Your instructions: Pictures must be kept out of the copy. Every entry is to be duplicated exactly.

Data listing:
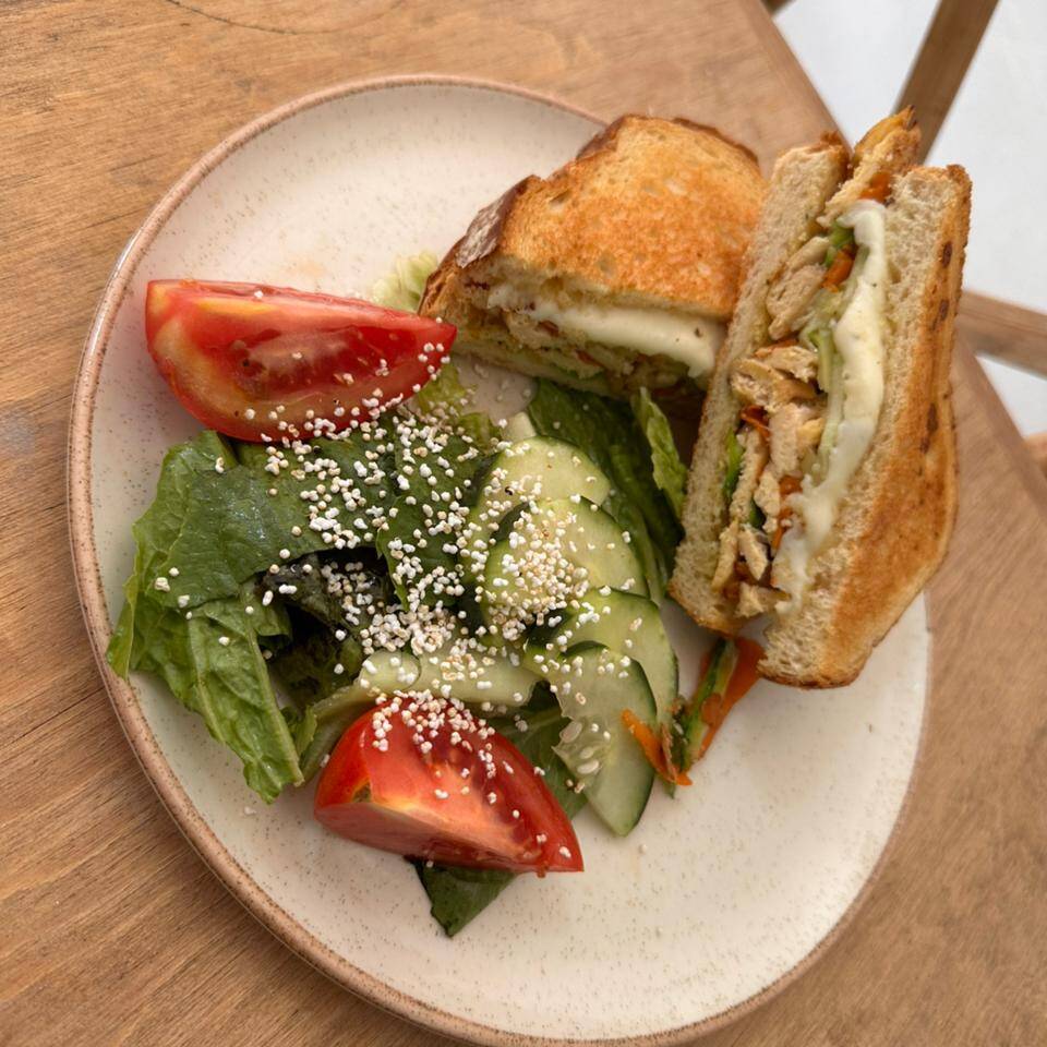 Pan de caja dorado con mantequilla y aderezo de cilantro, servido con pollo asado, espinaca, pepino, zanahoria y calabaza blanqueada, gratinado con queso mozzarella, acompañado con guarnición a elegir entre papas a la francesa o ensalada.
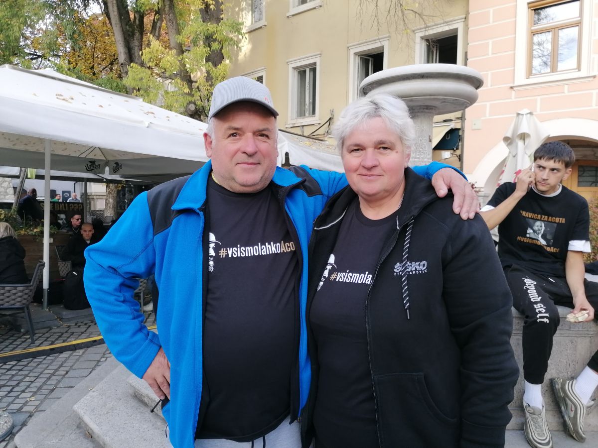 V Novo mesto izraze podpore prihajajo izkazovat tudi iz drugih krajev Slovenije, denimo Darko Blatnik iz Krškega, ki je na Glavni trg prišel z ženo.
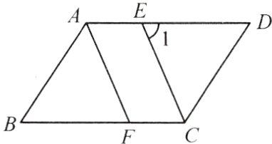 ∵AB = CD,∠B = ∠D,∠AFB = ∠BCE = ∠1,
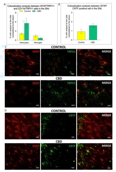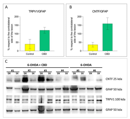 The aim of this study is to evaluate the effects of chronic treatment with CBD on neurodegenerative and neuroinflammatory processes, and motor deficits in a classic toxic model of PD based on unilateral intrastriatal injection of 6-hydroxydopamine (6-OHDA). The potential mechanisms by which CBD exerted its effects in this model have been also investigated. CBD-treated animals showed a reduction of nigrostriatal degeneration accompanied by a recovery of motor performance. In particular, CBD, by activating the astrocytic transient receptor potential vanilloid 1 (TRPV1) [], enhanced the endogenous neuroprotective response of ciliary neurotrophic factor (CNTF). Specifically, activation of TRPV1 on astrocytes increases endogenous CNTF synthesis in vivo, enhancing the viability of dopaminergic neurons through activation of the CNTF receptor alpha subunit (CNTFRα) and preventing neurodegeneration and inducing the recovery of motor performance after administration of MPP+ and 6-OHDA in PD rat models [,,,].
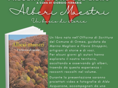 Il Comune di Ormea è lieto di invitare alla presentazione del volume “Alberi Maestri – Un bosco di storie”, nato all’interno dell’Officina di Scrittura guidata da Marino Magliani e Flavio Stroppini, artigiani di racconti e voci.
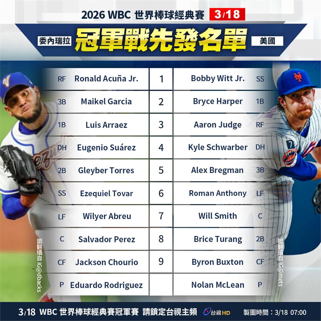 另外,兩隊先發打序也公布,委內瑞拉由昨天敲出帶有1分打點滾地球的Ronald Acuña Jr.扛起第一棒,第四棒則是昨天轟出陽春砲破蛋的Eugenio Suárez,期盼今天也能發威得分連線;美國方面則同樣是讓快腿Bobby Witt Jr.擔任開路先鋒,「法官」Aaron Judge第三棒、Kyle Schwarber第四棒力拚突破委國防守,《台視新聞》整理兩隊打序。
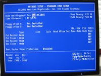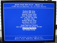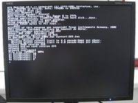 Enter the BIOS by pressing the Delete or F1 key and choose to Save settings, as shown in the second photo. This will save default CMOS settings and the mainboard will reboot itself. It should then boot into the printer firmware, with an ASCII GUI similar to the third photo. The small display at the front of the printer should also function now.
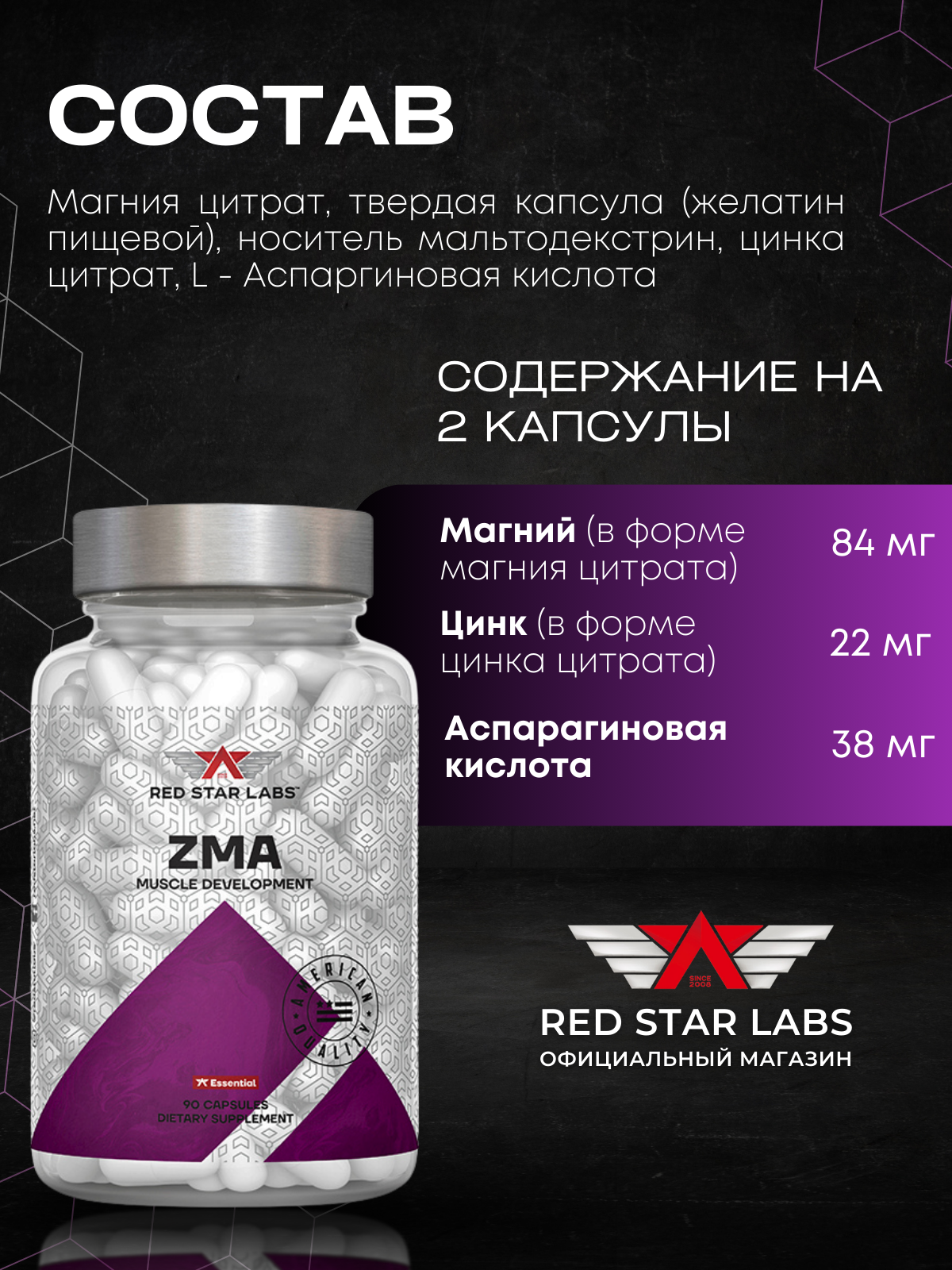 ZMA мультивитамины цинк магний витамин b6 тестобустер для мужчин 90 капс Red Star Labs интересное:
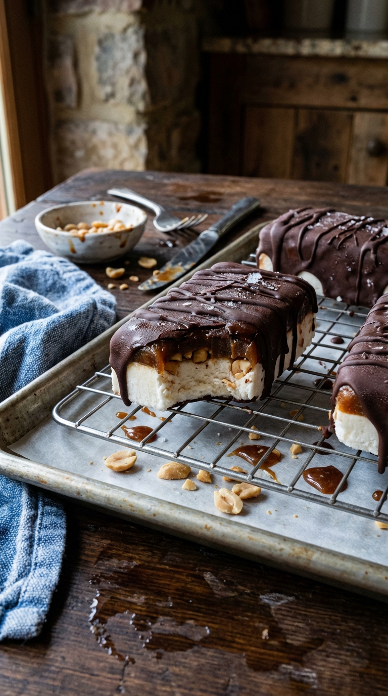 - Dip frozen bars in chocolate. Place on a wire rack on a sheet pan and freeze until set.
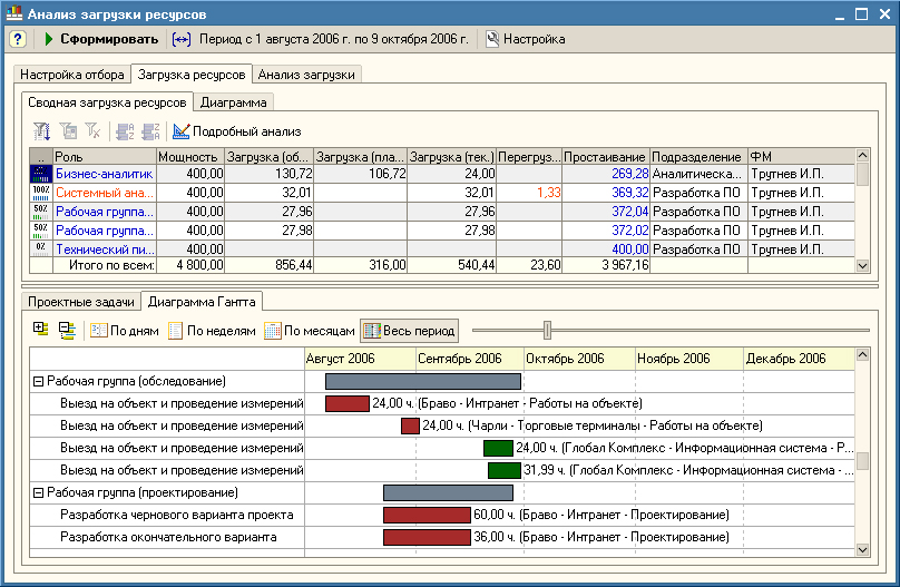 - Анализ фактической и запланированной загрузки ресурсов, выявление «недогруженных и «перегруженных» трудовых ресурсов.
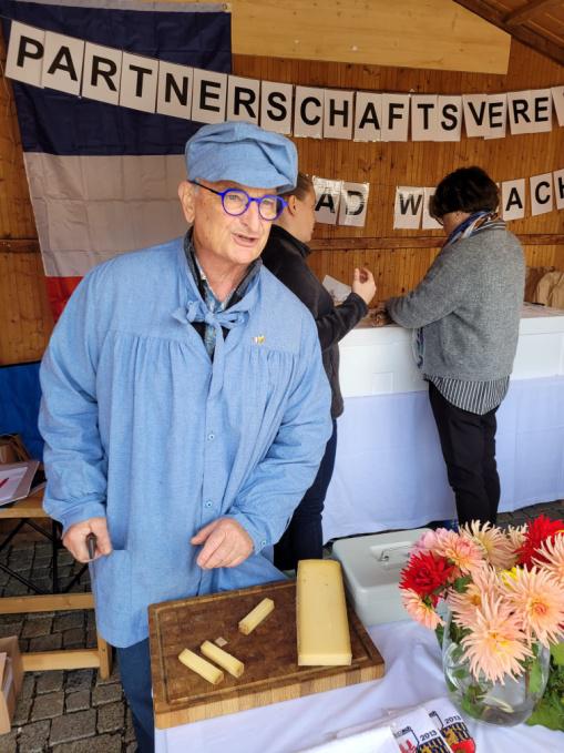 Unterstützt vom Luxeuil-Komitee haben der ehemalige Bürgermeister Michel Raison und seine Frau Yvette frische Baguette mit Wein, Käse und Schinken aus ihrer Heimat, der Franche Comté, zum Verkosten und zum Verkauf angeboten.
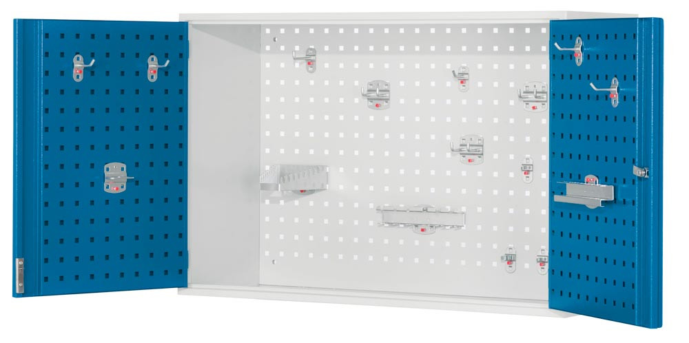 Hängeschrank, Rückwand und Türinnenseiten mit Lochwänden, BxTxH 920x335x620 mm, RAL 7035/5010
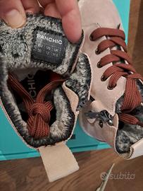 Panchic bambina, nuove con scatola, nr.30, doppi Lacci, colore rosa chiaro, con pelo, chiusura con lacci e cerniera.
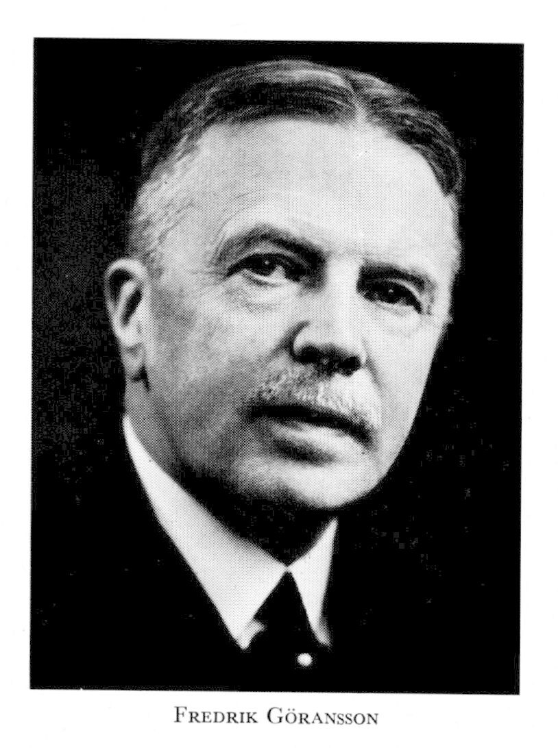 4 Göransson, Karl Anders Fredrik, bror till G 3, f 12 juni 1879 i Högbo (nu Sandviken), d 13 juni 1960 där. Mogenhetsex vid Gävle h a l 97, elev vid École d'ingenieurs i Lausanne 97—98, merkantil praktik i Tyskland o England 98—00, studier vid Columbia univ i New York 00—01, master of arts där 01, anställd vid Sandvikens jernverks ab 01, verkst dir o disp där 20—48, styr:ordf där 29—59, eo fullm i Jernkontoret 28, fullm 30, v ordf för handelskammaren i Gävle 34, styr:led i Industriförb från 34, ordf där 39— 42. — LIVA 32, Iqml 37, LVS 40, Jernkontorets stora GM 42, fil hedersdr i Uppsala 31 maj 52.
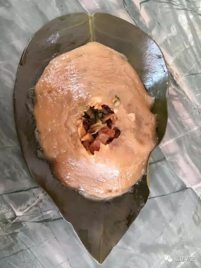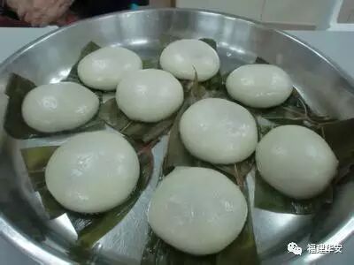 经过搅碎、晒干、揉捏、日晒等多道工序之后,糯米粿的外皮就完工了。接下来,在把揉捏好外皮与准备好的材料包裹在一起,捏成团,放置在煮好的柚子叶或是洗净的香蕉叶上,放进蒸笼,等待蒸熟即可出炉。
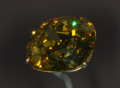 | Un diamante amarillo en comparación con un collar de gemas casi incoloras. |
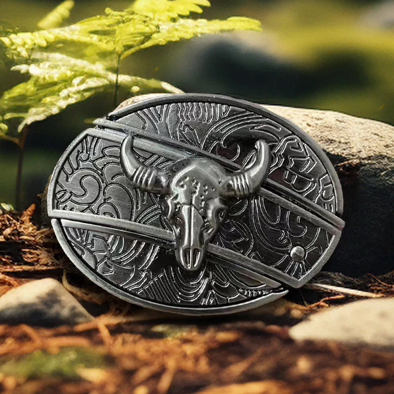 Men's DIY Longhorn Bull Hidden Folding Knife Leather Belt
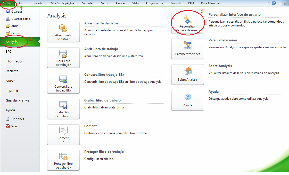Habilitar opciones de planificación en Analysis for Office 2.4
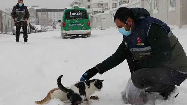 İki gündür yoğun kar yağışının olduğu kentte HAYDİ polisleri, sokak hayvanları için çalışma başlattı. Soğuğun da etkili olduğu kentte yiyecek bulmakta güçlük çeken sokak hayvanlarının yoğunlukta bulundukları alanları belirleyen ekipler, yer yer karlı yolları da aşarak kentin farklı bölgelerindeki bu alanlara ulaşıp düz zemine sokak hayvanları için mama bıraktı.
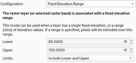 Users can set the lower and upper elevation range for the layer, and whether the lower or upper limits are inclusive or exclusive.
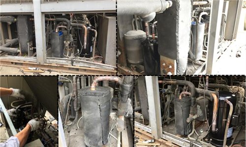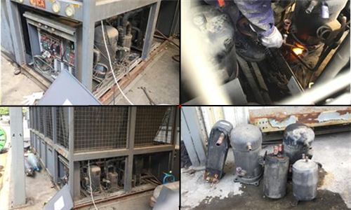此次出現(xiàn)故障的機器是2號車間外的1號冷水機和6號冷水機。第一天,顧工、楊工通力合作檢查,發(fā)現(xiàn)是壓縮機故障引起,需要更換配件。將故障壓縮機、貯液器等設備拆卸下來,用絕緣膠帶將銅管口封上,以防灰層進入。將型號信息反饋回去,公司馬上從倉庫調(diào)度出所需設備,為第二天的維修工作做好準備。
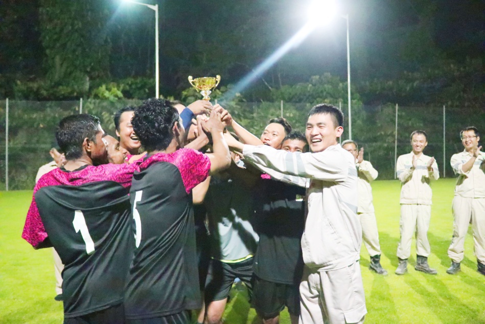 9月3日20时30分,在领导的大力支持和全体参赛人员、裁判员、工作人员的共同努力下,印尼纬达贝园区第一届员工趣味运动会圆满落幕,并在足球决赛结束后的热烈气氛中举行了颁奖典礼。永青集团有限公司董事长项炳和、副总裁何小振,以及各部门领导出席了颁奖典礼。

Task solution:
 Pan de caja dorado con mantequilla y aderezo de cilantro, servido con pollo asado, espinaca, pepino, zanahoria y calabaza blanqueada, gratinado con queso mozzarella, acompañado con guarnición a elegir entre papas a la francesa o ensalada.
 V Novo mesto izraze podpore prihajajo izkazovat tudi iz drugih krajev Slovenije, denimo Darko Blatnik iz Krškega, ki je na Glavni trg prišel z ženo.
 ∵AB = CD,∠B = ∠D,∠AFB = ∠BCE = ∠1,
 The aim of this study is to evaluate the effects of chronic treatment with CBD on neurodegenerative and neuroinflammatory processes, and motor deficits in a classic toxic model of PD based on unilateral intrastriatal injection of 6-hydroxydopamine (6-OHDA). The potential mechanisms by which CBD exerted its effects in this model have been also investigated. CBD-treated animals showed a reduction of nigrostriatal degeneration accompanied by a recovery of motor performance. In particular, CBD, by activating the astrocytic transient receptor potential vanilloid 1 (TRPV1) [], enhanced the endogenous neuroprotective response of ciliary neurotrophic factor (CNTF). Specifically, activation of TRPV1 on astrocytes increases endogenous CNTF synthesis in vivo, enhancing the viability of dopaminergic neurons through activation of the CNTF receptor alpha subunit (CNTFRα) and preventing neurodegeneration and inducing the recovery of motor performance after administration of MPP+ and 6-OHDA in PD rat models [,,,].
 Il Comune di Ormea è lieto di invitare alla presentazione del volume “Alberi Maestri – Un bosco di storie”, nato all’interno dell’Officina di Scrittura guidata da Marino Magliani e Flavio Stroppini, artigiani di racconti e voci.
 另外,兩隊先發打序也公布,委內瑞拉由昨天敲出帶有1分打點滾地球的Ronald Acuña Jr.扛起第一棒,第四棒則是昨天轟出陽春砲破蛋的Eugenio Suárez,期盼今天也能發威得分連線;美國方面則同樣是讓快腿Bobby Witt Jr.擔任開路先鋒,「法官」Aaron Judge第三棒、Kyle Schwarber第四棒力拚突破委國防守,《台視新聞》整理兩隊打序。
 Enter the BIOS by pressing the Delete or F1 key and choose to Save settings, as shown in the second photo. This will save default CMOS settings and the mainboard will reboot itself. It should then boot into the printer firmware, with an ASCII GUI similar to the third photo. The small display at the front of the printer should also function now.
 ZMA мультивитамины цинк магний витамин b6 тестобустер для мужчин 90 капс Red Star Labs интересное:
 - Dip frozen bars in chocolate. Place on a wire rack on a sheet pan and freeze until set.
 - Анализ фактической и запланированной загрузки ресурсов, выявление «недогруженных и «перегруженных» трудовых ресурсов.
 Unterstützt vom Luxeuil-Komitee haben der ehemalige Bürgermeister Michel Raison und seine Frau Yvette frische Baguette mit Wein, Käse und Schinken aus ihrer Heimat, der Franche Comté, zum Verkosten und zum Verkauf angeboten.
 Hängeschrank, Rückwand und Türinnenseiten mit Lochwänden, BxTxH 920x335x620 mm, RAL 7035/5010
 Panchic bambina, nuove con scatola, nr.30, doppi Lacci, colore rosa chiaro, con pelo, chiusura con lacci e cerniera.
 4 Göransson, Karl Anders Fredrik, bror till G 3, f 12 juni 1879 i Högbo (nu Sandviken), d 13 juni 1960 där. Mogenhetsex vid Gävle h a l 97, elev vid École d'ingenieurs i Lausanne 97—98, merkantil praktik i Tyskland o England 98—00, studier vid Columbia univ i New York 00—01, master of arts där 01, anställd vid Sandvikens jernverks ab 01, verkst dir o disp där 20—48, styr:ordf där 29—59, eo fullm i Jernkontoret 28, fullm 30, v ordf för handelskammaren i Gävle 34, styr:led i Industriförb från 34, ordf där 39— 42. — LIVA 32, Iqml 37, LVS 40, Jernkontorets stora GM 42, fil hedersdr i Uppsala 31 maj 52.
 经过搅碎、晒干、揉捏、日晒等多道工序之后,糯米粿的外皮就完工了。接下来,在把揉捏好外皮与准备好的材料包裹在一起,捏成团,放置在煮好的柚子叶或是洗净的香蕉叶上,放进蒸笼,等待蒸熟即可出炉。
 | Un diamante amarillo en comparación con un collar de gemas casi incoloras. |
 Men's DIY Longhorn Bull Hidden Folding Knife Leather Belt
Habilitar opciones de planificación en Analysis for Office 2.4
 İki gündür yoğun kar yağışının olduğu kentte HAYDİ polisleri, sokak hayvanları için çalışma başlattı. Soğuğun da etkili olduğu kentte yiyecek bulmakta güçlük çeken sokak hayvanlarının yoğunlukta bulundukları alanları belirleyen ekipler, yer yer karlı yolları da aşarak kentin farklı bölgelerindeki bu alanlara ulaşıp düz zemine sokak hayvanları için mama bıraktı.
 Users can set the lower and upper elevation range for the layer, and whether the lower or upper limits are inclusive or exclusive.
此次出現(xiàn)故障的機器是2號車間外的1號冷水機和6號冷水機。第一天,顧工、楊工通力合作檢查,發(fā)現(xiàn)是壓縮機故障引起,需要更換配件。將故障壓縮機、貯液器等設備拆卸下來,用絕緣膠帶將銅管口封上,以防灰層進入。將型號信息反饋回去,公司馬上從倉庫調(diào)度出所需設備,為第二天的維修工作做好準備。
 9月3日20时30分,在领导的大力支持和全体参赛人员、裁判员、工作人员的共同努力下,印尼纬达贝园区第一届员工趣味运动会圆满落幕,并在足球决赛结束后的热烈气氛中举行了颁奖典礼。永青集团有限公司董事长项炳和、副总裁何小振,以及各部门领导出席了颁奖典礼。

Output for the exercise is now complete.